If you wouldn’t throw a plastic bottle on the ground, then you shouldn’t throw a cigarette butt on the ground – in order to kick plastic’s butt, we must kick the habit of littering cigarette butts.
Our Interdisciplinary Approach

Our campaign employs an interdisciplinary approach to increasing waste literacy using multiple types of visual arts, trash capture technology, and scientific research.
Visual Arts
Volunteer-illustrated Educational Posters
Our arts-based educational posters featuring illustrations by U of T Trash Team volunteers were displayed in prominent locations on the Toronto waterfront in the summer of 2022, including transit shelters at Queen’s Quay and Lower Spadina. Three versions of the poster were created by three different U of T Trash Team volunteers, with images to depict people smoking, however, instead of holding cigarettes they are holding other single-use plastic items that we typically associate with plastic pollution. The smokers then throw these items on the ground, littering them in the same way they would a cigarette butt. The power of this poster is the absurdity of littering these large plastic items – and draws a connection between littering more widely known plastic items and cigarette butts. Through art, we aim to increase waste literacy on plastic pollution.
Kicking Plastic’s Butt Campaign Posters



Public Engagement through Video with The Water Brothers
We collaborated with The Water Brothers on an interactive video, interviewing community members using a series of questions which centre around public understanding of different types of plastic products, littering, and the connection between plastic pollution and cigarette butts. Our goal was to engage in a light-hearted, yet impactful conversation on plastic waste, and in turn, draw attention to the misconceptions that exist regarding cigarette butts. We want to share the message that if you wouldn’t throw a plastic bottle on the ground, you shouldn’t throw a cigarette butt on the ground.
Sculpture
Our resident Sculpture Artist Emily Chudnovsky kept littered cigarette butts collected by the U of T Trash Team to quantify the impact of our campaign. Using the filters of cigarette butts as a material, Chudnovsky created a series of baskets which explore the deceptively organic quality of cigarette butts, while also considering the overlooked role of ‘picking up’ that baskets enact. Cigarette butts were also donated by local NGO, A Greener Future, from their annual Butt Blitz cleanup event.

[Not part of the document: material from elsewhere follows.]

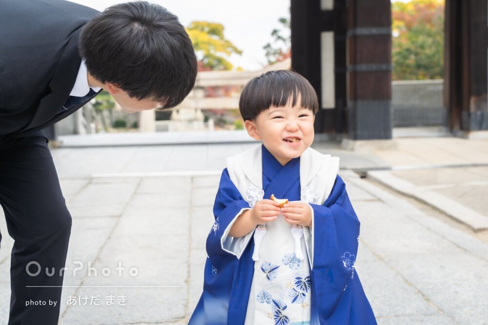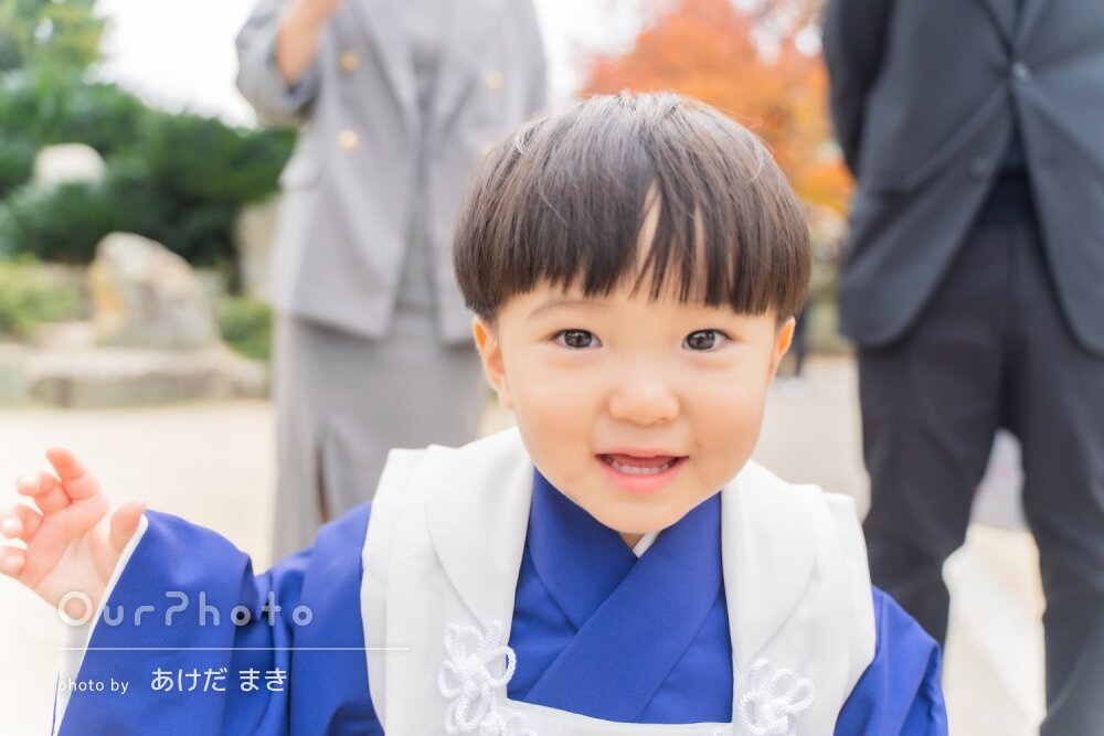 2歳2ヶ月での七五三だったので、まだまだ指示が通らない息子でしたが、カメラ目線の写真や笑顔の写真をたくさん撮っていただきました!

Showcase: Ripley’s Aquarium of Canada
Drop by Ripley’s Aquarium of Canada this March to view our visual art components. The showcase features sculptural work by resident Artist Emily Chudnovsky, illustrations by U of T Trash Team volunteers Mira Ghosh, Chelsea Wang and Alice Zhu, and a video by Canadian filmmakers, The Water Brothers. The window display will be running through early April.
Scientific Research to Measure our Success
To measure the effectiveness of our visual-arts based educational campaign, we quantified cigarette butt litter before and during our campaign using quantitative transects (our volunteers conducted standing stock surveys of littered cigarette butts along the waterfront using a modified NOAA protocol) and LittaTraps in nearby storm drains. We observed a decrease in the amount of butts during our campaign, which suggests that an interdisciplinary approach to increasing waste literacy works!


© Anna Currier



Kicking Plastic’s Butt! is led by Emily Chudnovsky, a visual artist and the Art and Visual Communications Specialist for the University of Toronto Trash Team. She holds a Master of Fine Art from the Glasgow School of Art and an undergraduate combined Honours degree from the University of King’s College in Contemporary Studies and Gender and Women’s Studies. In Emily’s artistic practice she uses waste-materials to build sculpture-based public installations.